As open as he is in his music, Bren.d.o is also honest about the realities of independent artistry. People may assume artists are naturally confident, but he says many are deeply self-critical behind the scenes. “People see visuals, performances, or social media moments and assume you always feel secure in yourself, but most creatives are constantly questioning themselves behind the scenes,” he says. “I am literally in therapy.”
He is also quick to point out how much independent artists carry on their own. Behind the music are marketing, visuals, branding, strategy, recording, outreach, networking, day jobs, and the pressure to remain mentally balanced through all of it.
One of the biggest lessons of his career has been learning the difference between visibility and genuine growth. Early on, he thought success meant numbers, views, followers, and attention. Over time, he realised some things can look impressive publicly without building a sustainable career or real fan connection. Now, he is more focused on longevity.
“Building a real audience takes patience, consistency, and authenticity,” he says. His relationship with music has changed too. In the beginning, it felt like an escape. Now, it feels more like alignment. “Earlier in my journey I think I was trying to prove myself constantly,” he says. “Now I care more about creating work that actually represents who I am and where I’m headed emotionally and creatively.”
That does not mean he is any less ambitious.

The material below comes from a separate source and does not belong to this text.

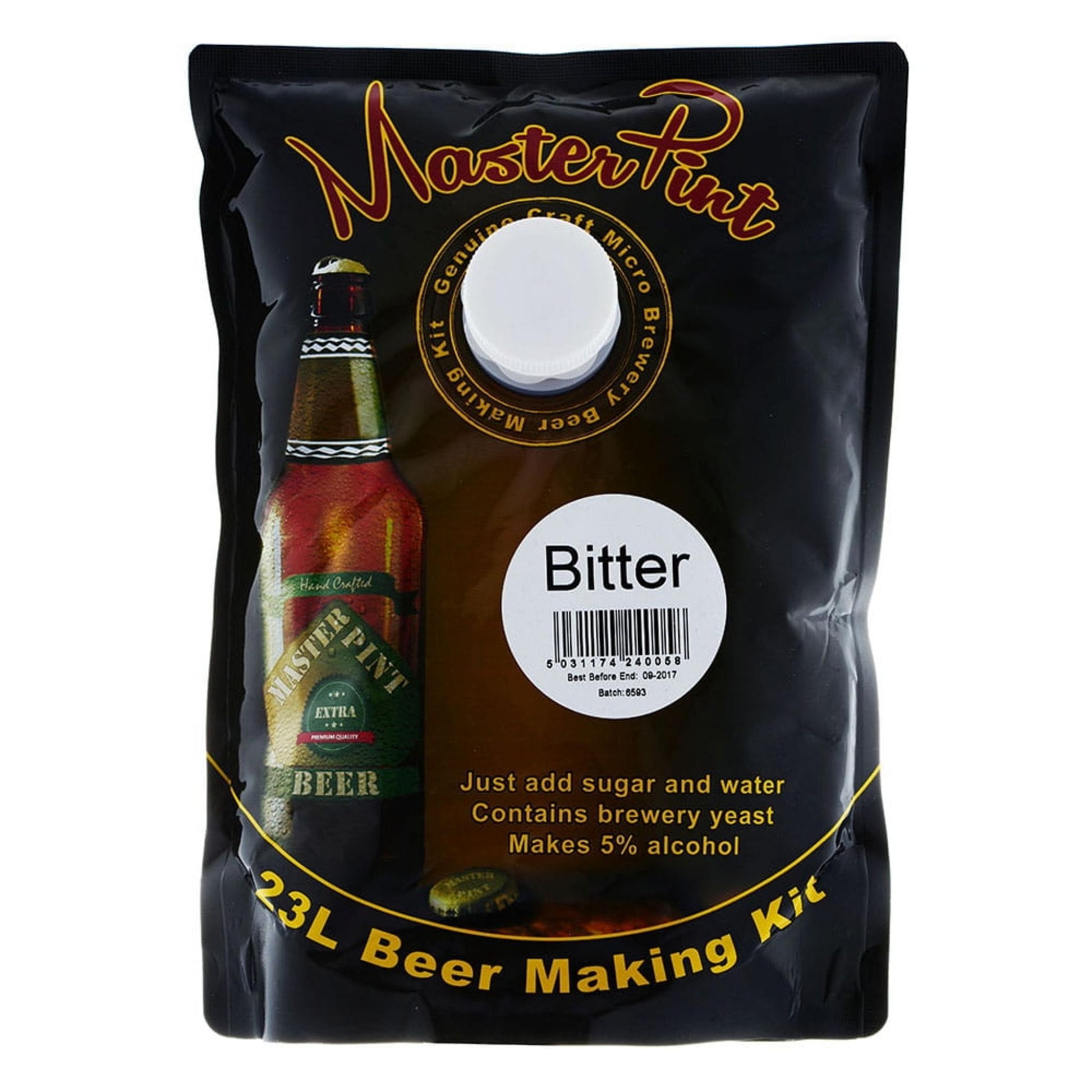 All MasterPint kits make 23 litres of beer and just require sugar and water.
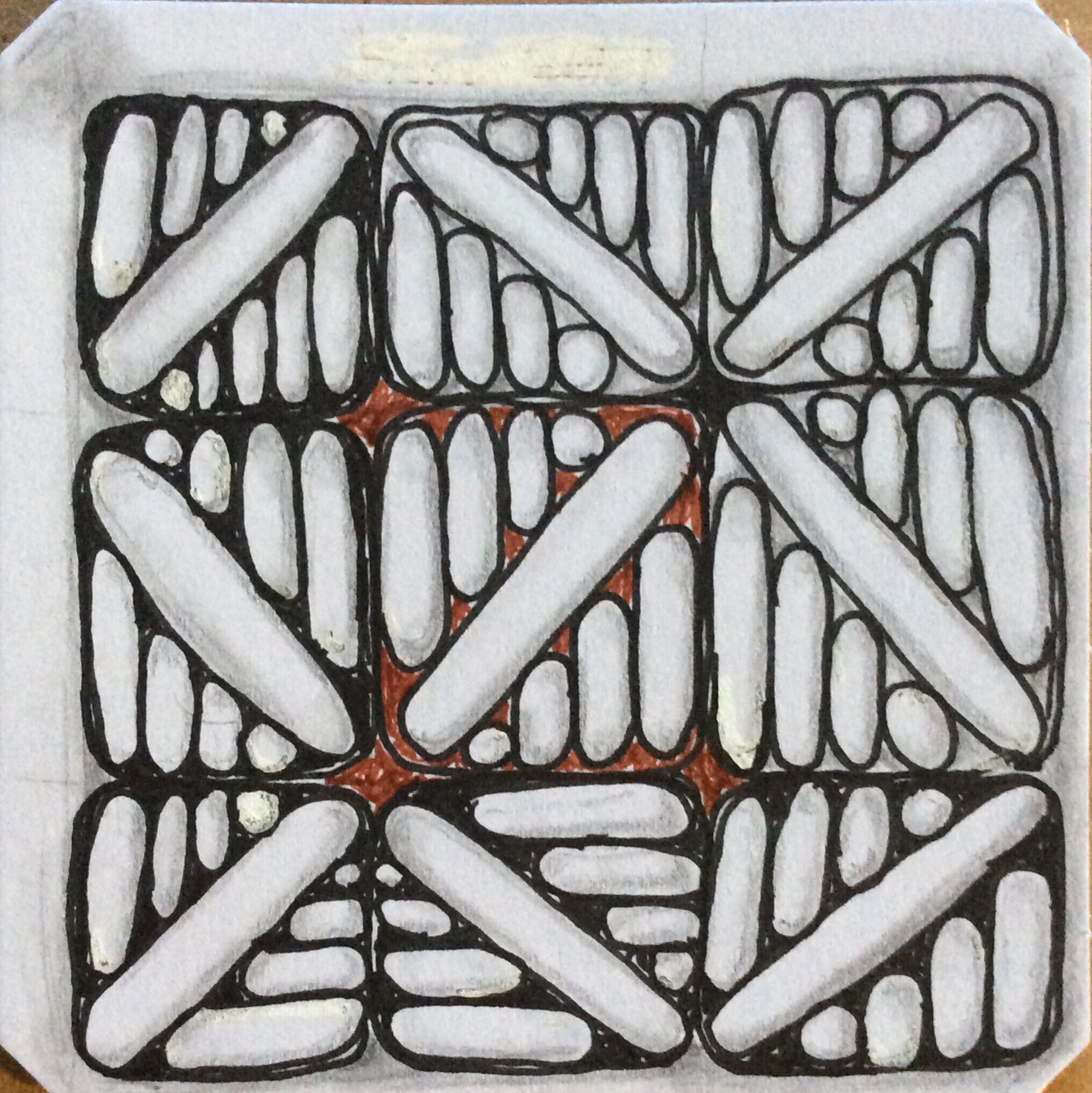 It was two days before I recorded what I saw as a potential Zentangle pattern. To my eye, it functions best as a grid or border tangle.

He still wants major things and still dreams big. But success looks different now than it did five years ago. Back then, success looked more external. Numbers. Validation. Recognition. Industry attention. Today, it looks more sustainable and meaningful. Creating music he is proud of. Building a loyal audience. Performing songs that genuinely connect. Having creative freedom. Being able to look back at the work and recognise himself in it.
There have already been moments that made the journey feel real. Hearing strangers sing lyrics back. Seeing songs chart on iTunes. Receiving early press coverage. Watching the audience grow beyond his hometown. Being able to Google himself. But the biggest realisation was understanding that he had built something from almost nothing. “Coming from a small town, there’s this feeling that major creative dreams only happen somewhere else,” he says.
Now, Bren.d.o is stepping into what feels like his most focused and intentional era yet. The next chapter is more cinematic, more emotionally refined, more visual, and more honest. He is not just making songs. He is creating worlds around the music, experiences people can emotionally step into. If listeners go through his catalogue from front to back, he hopes they walk away understanding that he is human before anything else. He wants them to hear growth, vulnerability, longing, confidence, heartbreak, joy, fear, desire, and movement. “I want them to dance and get those chills up their arm,” he says.
At its core, his music is about transformation. Becoming someone despite the odds. Turning pain into beauty. Turning isolation into connection. Long after the music ends, Bren.d.o hopes people feel less alone. “Even if someone only connects with one lyric, one melody, or one emotion in a song, that matters to me,” he says.
Right now, he is creating for the version of himself who needed reassurance that his voice mattered. The bullied kid. The anxious kid. The underestimated kid. The version of him who still held onto hope. “I think a lot of my music now is about becoming the person a younger version of me hoped existed,” he says. “Well, he does.”